DESCRIPTION OF THE TASK>
From the listing below, output only the lines starting at the line that has "Con la risoluzione" and ending at the line that has "5月11日,四川省交通工程質", exactly as they appear, ends included.

DATASET RECORDS>

==*==

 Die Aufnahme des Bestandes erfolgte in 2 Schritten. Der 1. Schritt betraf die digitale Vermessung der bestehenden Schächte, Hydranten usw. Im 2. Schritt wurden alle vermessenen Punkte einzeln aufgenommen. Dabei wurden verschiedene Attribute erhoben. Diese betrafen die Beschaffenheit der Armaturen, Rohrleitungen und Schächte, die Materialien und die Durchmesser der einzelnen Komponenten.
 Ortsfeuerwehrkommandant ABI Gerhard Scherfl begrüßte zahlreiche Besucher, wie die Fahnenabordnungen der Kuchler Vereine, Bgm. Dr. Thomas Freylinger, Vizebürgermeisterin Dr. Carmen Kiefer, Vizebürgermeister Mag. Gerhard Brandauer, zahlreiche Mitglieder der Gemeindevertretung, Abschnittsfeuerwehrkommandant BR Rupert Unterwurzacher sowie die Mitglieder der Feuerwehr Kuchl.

==*==

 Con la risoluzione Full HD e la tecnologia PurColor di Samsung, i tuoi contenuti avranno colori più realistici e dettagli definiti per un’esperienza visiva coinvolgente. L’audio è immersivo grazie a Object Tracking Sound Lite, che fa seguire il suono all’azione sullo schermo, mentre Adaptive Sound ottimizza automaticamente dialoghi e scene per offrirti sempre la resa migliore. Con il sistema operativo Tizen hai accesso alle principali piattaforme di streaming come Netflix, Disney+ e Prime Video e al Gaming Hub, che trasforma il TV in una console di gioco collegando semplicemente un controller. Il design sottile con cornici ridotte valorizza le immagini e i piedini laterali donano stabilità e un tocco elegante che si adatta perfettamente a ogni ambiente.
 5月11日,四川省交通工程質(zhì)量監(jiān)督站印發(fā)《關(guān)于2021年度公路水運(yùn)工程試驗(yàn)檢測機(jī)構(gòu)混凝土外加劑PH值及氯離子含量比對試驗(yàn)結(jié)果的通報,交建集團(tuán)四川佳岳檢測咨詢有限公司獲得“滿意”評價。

==*==

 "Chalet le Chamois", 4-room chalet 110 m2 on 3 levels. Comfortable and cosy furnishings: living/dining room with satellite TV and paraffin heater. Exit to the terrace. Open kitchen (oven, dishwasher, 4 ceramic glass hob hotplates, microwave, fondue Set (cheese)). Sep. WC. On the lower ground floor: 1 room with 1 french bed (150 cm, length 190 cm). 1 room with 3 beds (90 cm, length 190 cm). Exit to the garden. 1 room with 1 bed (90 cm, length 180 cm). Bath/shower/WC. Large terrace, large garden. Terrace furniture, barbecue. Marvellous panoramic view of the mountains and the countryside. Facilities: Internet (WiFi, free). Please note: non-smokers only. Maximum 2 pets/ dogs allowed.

==*==

ANSWER TO THIS EXERCISE>
 Con la risoluzione Full HD e la tecnologia PurColor di Samsung, i tuoi contenuti avranno colori più realistici e dettagli definiti per un’esperienza visiva coinvolgente. L’audio è immersivo grazie a Object Tracking Sound Lite, che fa seguire il suono all’azione sullo schermo, mentre Adaptive Sound ottimizza automaticamente dialoghi e scene per offrirti sempre la resa migliore. Con il sistema operativo Tizen hai accesso alle principali piattaforme di streaming come Netflix, Disney+ e Prime Video e al Gaming Hub, che trasforma il TV in una console di gioco collegando semplicemente un controller. Il design sottile con cornici ridotte valorizza le immagini e i piedini laterali donano stabilità e un tocco elegante che si adatta perfettamente a ogni ambiente.
 5月11日,四川省交通工程質(zhì)量監(jiān)督站印發(fā)《關(guān)于2021年度公路水運(yùn)工程試驗(yàn)檢測機(jī)構(gòu)混凝土外加劑PH值及氯離子含量比對試驗(yàn)結(jié)果的通報,交建集團(tuán)四川佳岳檢測咨詢有限公司獲得“滿意”評價。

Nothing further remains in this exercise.